To examine the individual factor and type of primary care setting that associated with patient perception measures, PACIC, each subscale was categorized in to binary variable cut at percentile 75th (0 = low score, and 1 = high score) and treated as the outcome variable. Chi-square’s test was performed to explore the association between each independent variable and each outcome and variables that provided p-value of less than 0.10 were included in the multivariable regression analysis. The multilevel regression analysis was considered, as the first level was individual and the second level was the primary care cluster.

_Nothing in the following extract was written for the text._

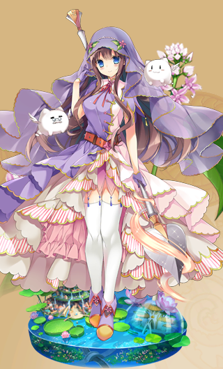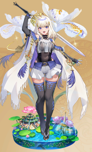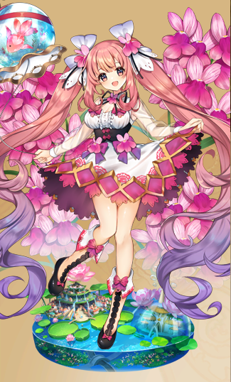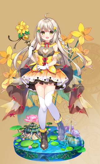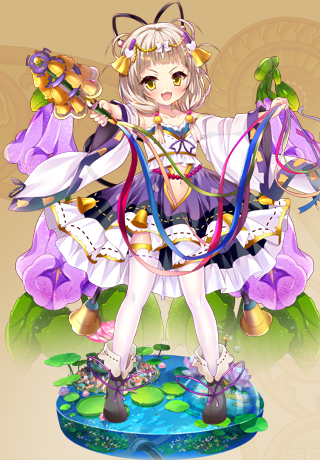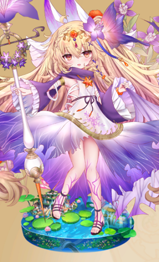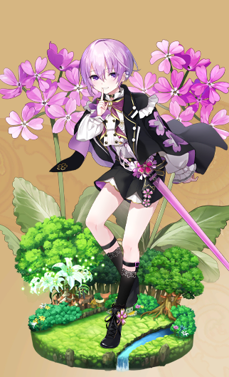 「儚い夢」「薄れゆく希望」…。 そんな花言葉を持っている私が、光華際で選ばれた。 だから、私は変わる、変わってみせる。 私を信じて待っててくれた人の為に……全てをさらけ出せる、私になる。 それを、この衣装に誓うから…。 | 「光華の姫君(こうか の ひめぎみ)」……シクラメン、です。 花言葉は「内気」なのに……なんというか、 皆さんのおかげですごいことになってしまいました……。 下を向かないように精一杯頑張りますので、 見守っていてください……はい。 | んー、じこしょうかい……? ミズは、害虫をやっつけるのがお仕事だよ。 カキツバタは優しいし、美味しい食べ物をくれるからだいすきー! ミズ、カキツバタと食べるバーベキュー大好きだおー! あ、花言葉は「美麗」だよ。ふっふっふ、美しいだおー? |

Mixed effects logistic regression model was used to examine the association between each subscale and the explanatory variables with a random intercept for “primary care unit (PCU)” level to take into account the correlation among patients in the same PCU. Independent variables that were in the multivariable regression analysis included individual level: sex, age, education (primary, secondary and bachelor), chronic diseases (DM, HT, and both), duration of the chronic disease condition, know about family doctor (yes/no) know health care provider’s name (yes/no), type of contact channel (no, mobile phone, Line application, and others), seeing same doctor on repeated visits, (yes/no) and insurance scheme (universal health, social security, civil servant, and others) and type of primary care setting (trained PCU, upgraded PCU, ordinary PCU, and NCD clinic in hospital). Odds ratio and 95% CI were calculated and reported. Stata version 16 (StataCorp. 2019. College Station, TX) was used for the statistical analysis.